▶ Required work
As an exercise, transcribe the data below in full and exactly, omitting pictures.

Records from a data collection
════════

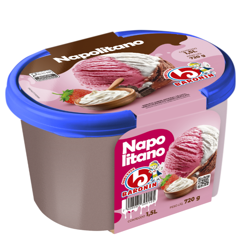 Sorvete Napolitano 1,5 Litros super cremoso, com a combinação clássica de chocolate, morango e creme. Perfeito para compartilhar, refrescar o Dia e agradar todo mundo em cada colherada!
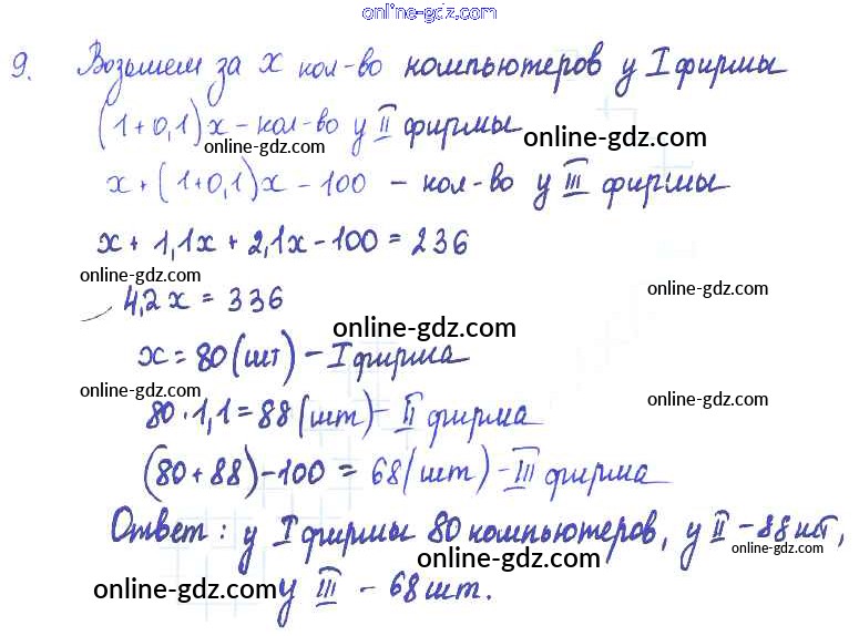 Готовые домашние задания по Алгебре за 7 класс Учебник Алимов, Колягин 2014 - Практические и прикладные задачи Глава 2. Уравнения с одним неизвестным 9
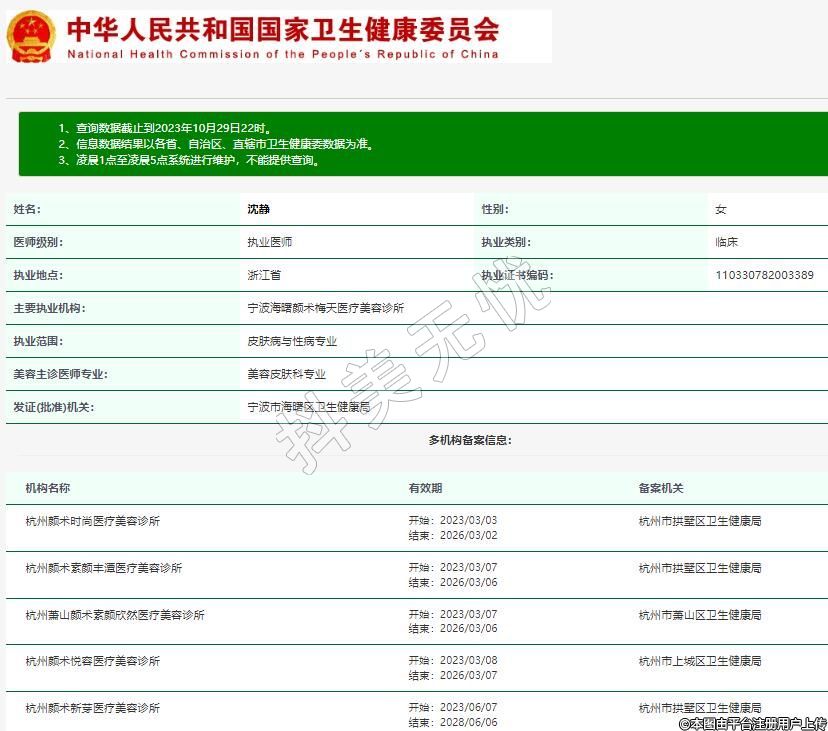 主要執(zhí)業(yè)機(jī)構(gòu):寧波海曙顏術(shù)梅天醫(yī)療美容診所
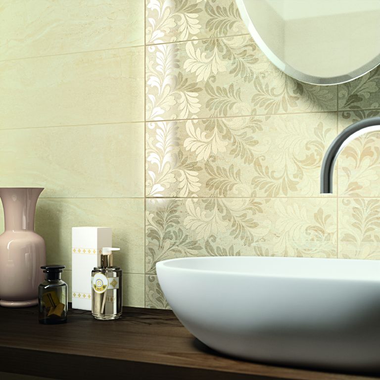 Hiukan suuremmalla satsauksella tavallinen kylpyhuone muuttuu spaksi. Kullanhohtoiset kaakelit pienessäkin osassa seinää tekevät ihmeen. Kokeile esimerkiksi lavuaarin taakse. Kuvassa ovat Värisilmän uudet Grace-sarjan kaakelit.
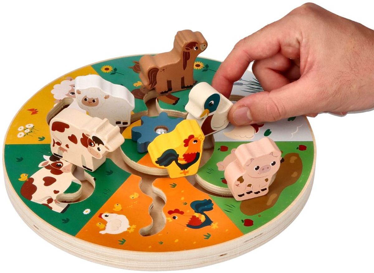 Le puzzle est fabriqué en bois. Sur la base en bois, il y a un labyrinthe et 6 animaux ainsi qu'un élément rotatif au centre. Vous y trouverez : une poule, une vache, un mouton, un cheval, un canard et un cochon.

════════

▶ Solution for this exercise
 Sorvete Napolitano 1,5 Litros super cremoso, com a combinação clássica de chocolate, morango e creme. Perfeito para compartilhar, refrescar o Dia e agradar todo mundo em cada colherada!
 Готовые домашние задания по Алгебре за 7 класс Учебник Алимов, Колягин 2014 - Практические и прикладные задачи Глава 2. Уравнения с одним неизвестным 9
 主要執(zhí)業(yè)機(jī)構(gòu):寧波海曙顏術(shù)梅天醫(yī)療美容診所
 Hiukan suuremmalla satsauksella tavallinen kylpyhuone muuttuu spaksi. Kullanhohtoiset kaakelit pienessäkin osassa seinää tekevät ihmeen. Kokeile esimerkiksi lavuaarin taakse. Kuvassa ovat Värisilmän uudet Grace-sarjan kaakelit.
 Le puzzle est fabriqué en bois. Sur la base en bois, il y a un labyrinthe et 6 animaux ainsi qu'un élément rotatif au centre. Vous y trouverez : une poule, une vache, un mouton, un cheval, un canard et un cochon.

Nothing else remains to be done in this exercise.